This project applies the following theory clusters:

• Symbolic-to-numeric translation (expressions, data shapes, invariants)
• Stability constraints (precision, scaling, stopping criteria)
• Optimization or inference logic (depending on project objective)
• Evaluation discipline (error analysis, test coverage, reproducibility)

Concept A: Mathematical Representation Discipline

Fundamentals A math expression is not executable until you define representation, ordering, and domain constraints. The same equation can be represented as a token stream, tree, matrix pipeline, or probability graph. Choosing representation determines what bugs you can catch early.

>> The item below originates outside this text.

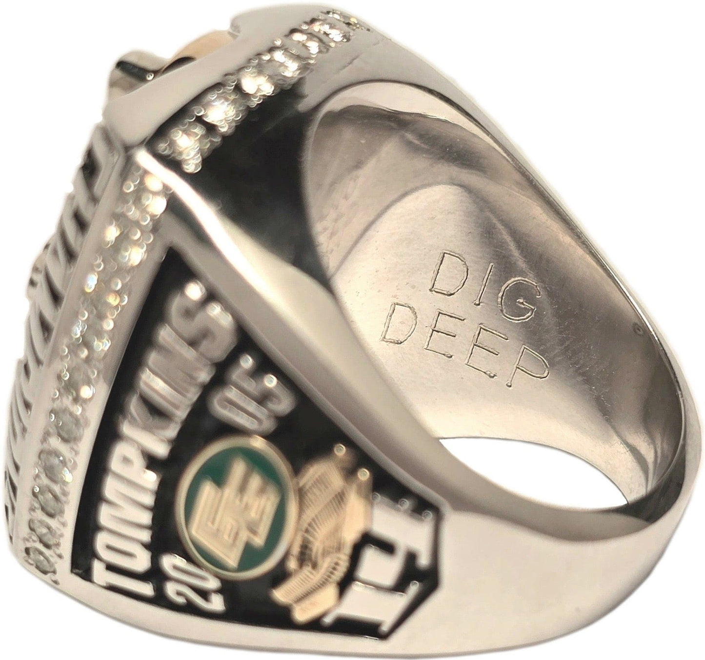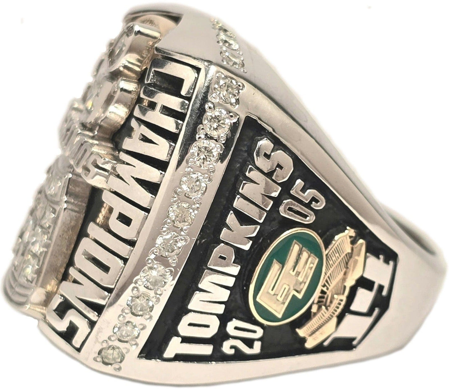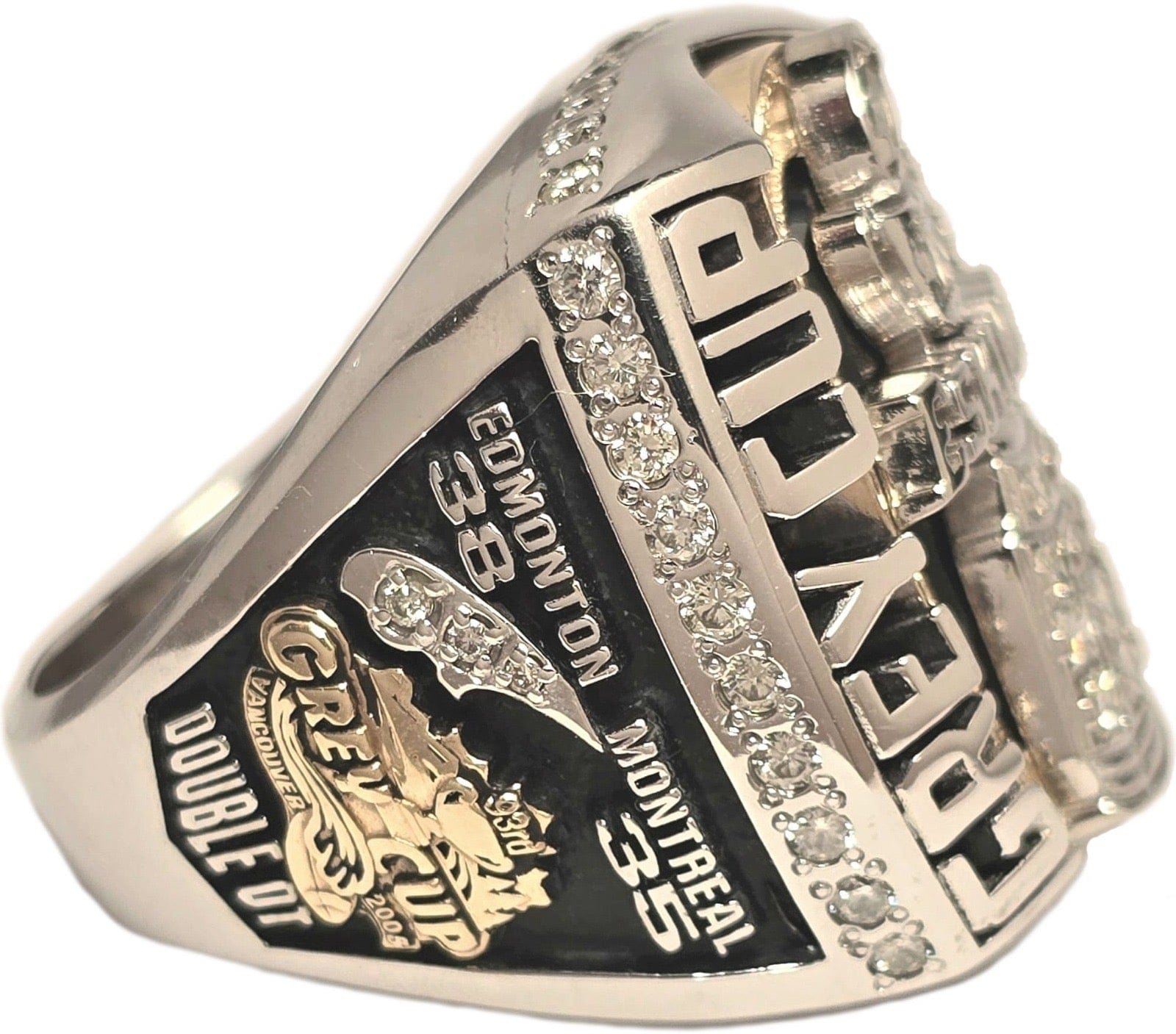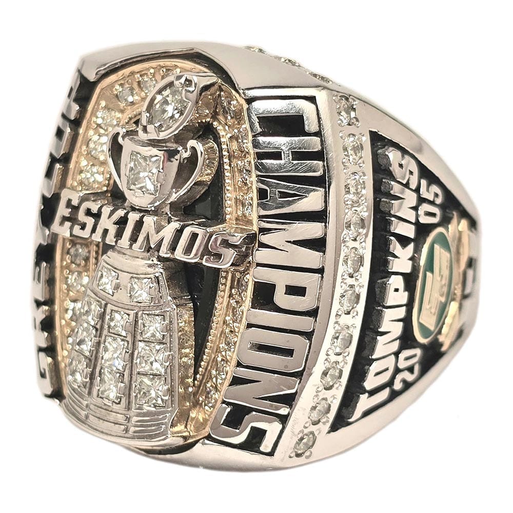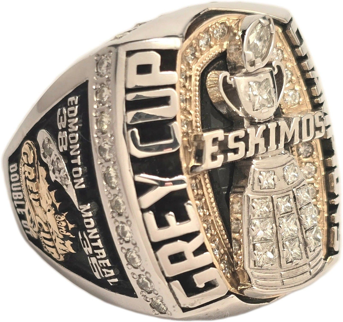 Player ring from the 2005 Edmonton Eskimos Grey Cup winning season. This beautiful ring is made from 10k white gold and intricately detailed with a prominent Grey Cup in the center. 2005 was the Eskimos 34th consecutive year earning a playoff berth. The game was a CFL classic, going into double overtime with Edmonton defeating Montreal 38-35.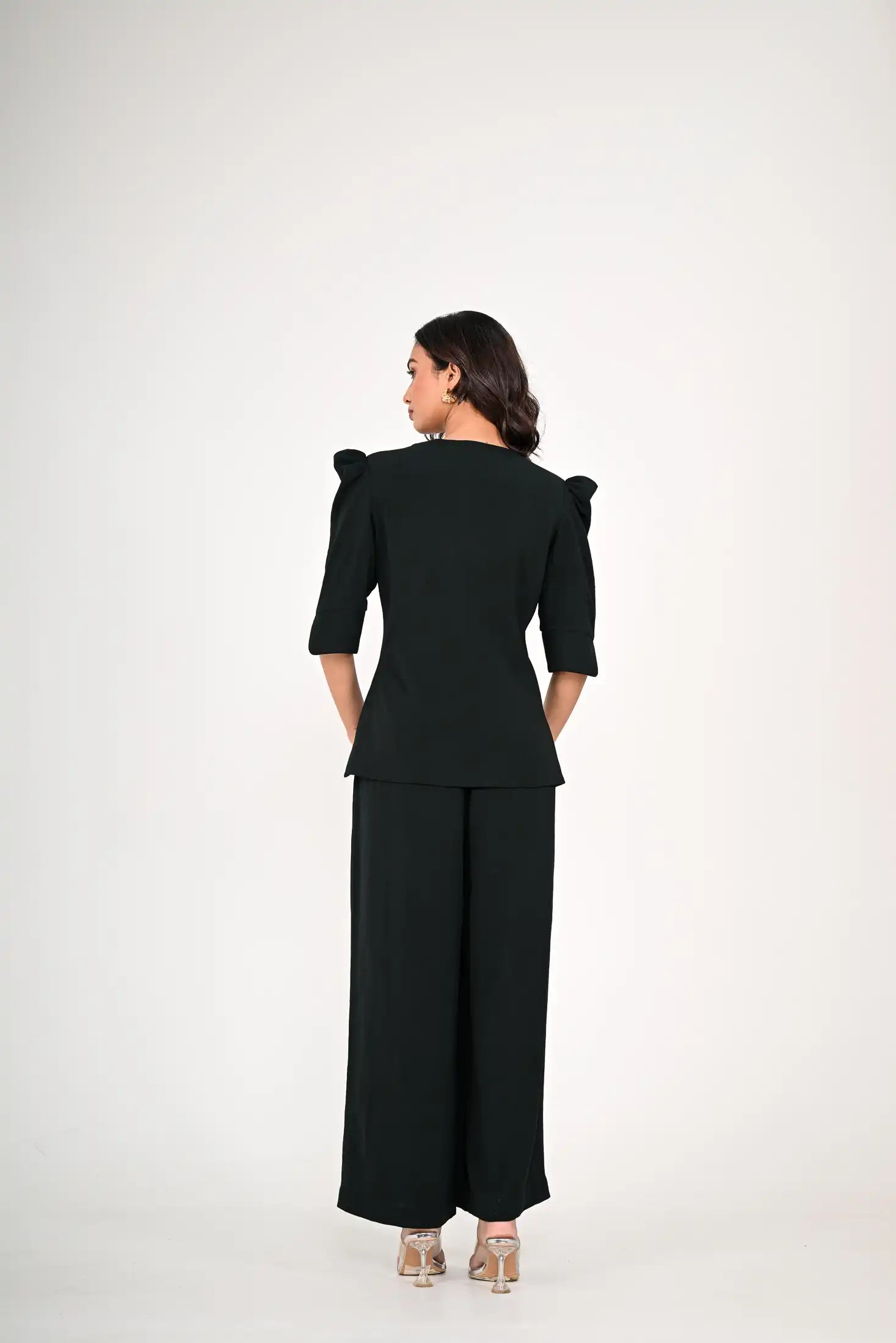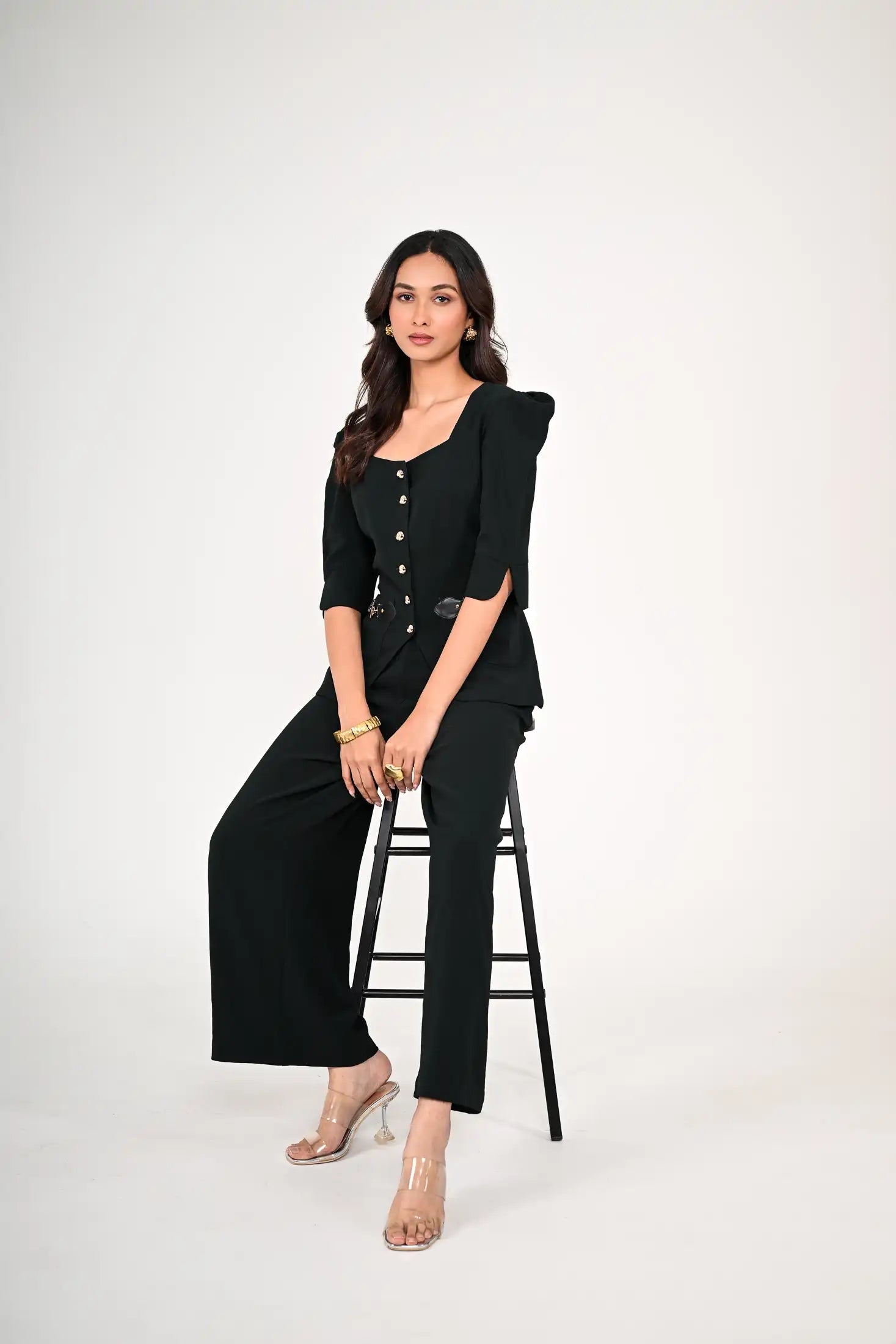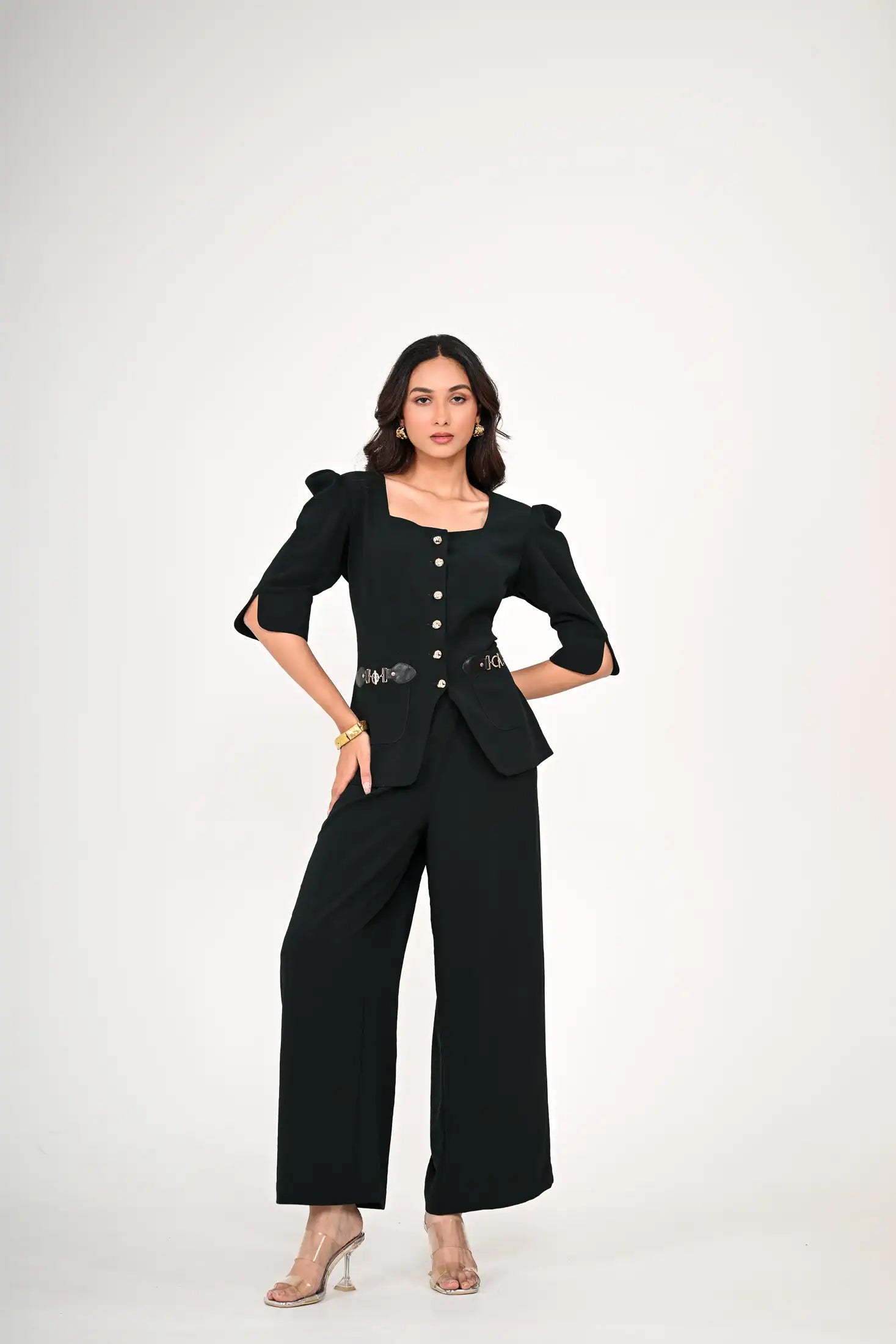 Top features a square neckline, short puffed sleeves, and button detailing down the front, cinched at the waist. The trousers are high-waisted and straight cut.

Deep Dive into the concept Most project failures begin before algorithm selection: they start with ambiguous representation. If your parser cannot distinguish unary minus from subtraction, your calculator fails. If your matrix dimensions are implicit rather than validated, your linear algebra pipeline fails silently. If your probabilistic assumptions (independence, stationarity, or class priors) are not explicit, your inference can look accurate on one split and collapse on another. The core implementation move is to treat representation as a contract. Define each object with shape, domain, and semantic intent. Then enforce invariants at boundaries: input parser, preprocessing, training loop, evaluation stage. This makes debugging local instead of global.

How this fits this project You will encode each operation with explicit contracts and invariant checks.

Definitions & key terms

• Invariant: Property that must hold before and after each operation.
• Shape contract: Expected dimensional structure of vectors/matrices/tensors.
• Domain constraint: Allowed value range (for example log input > 0).

Mental model diagram

User Input -> Representation Layer -> Validated Operation -> Observable Output
              (tokens/shapes)        (invariants pass)       (tests/plots/logs)

How it works

1. Parse/ingest data into typed structures.
2. Validate shape/domain invariants.
3. Execute operation.
4. Compare observed output with expected behavior.
5. Record failure signature if mismatch appears.

Minimal concrete example

PSEUDOCODE
read expression
tokenize with precedence rules
if token sequence invalid -> return syntax error
evaluate tree
if domain violation -> return bounded diagnostic
print value and confidence check

Common misconceptions

• “If it runs once, representation is correct.” -> false.
• “Type checks are enough without shape checks.” -> false.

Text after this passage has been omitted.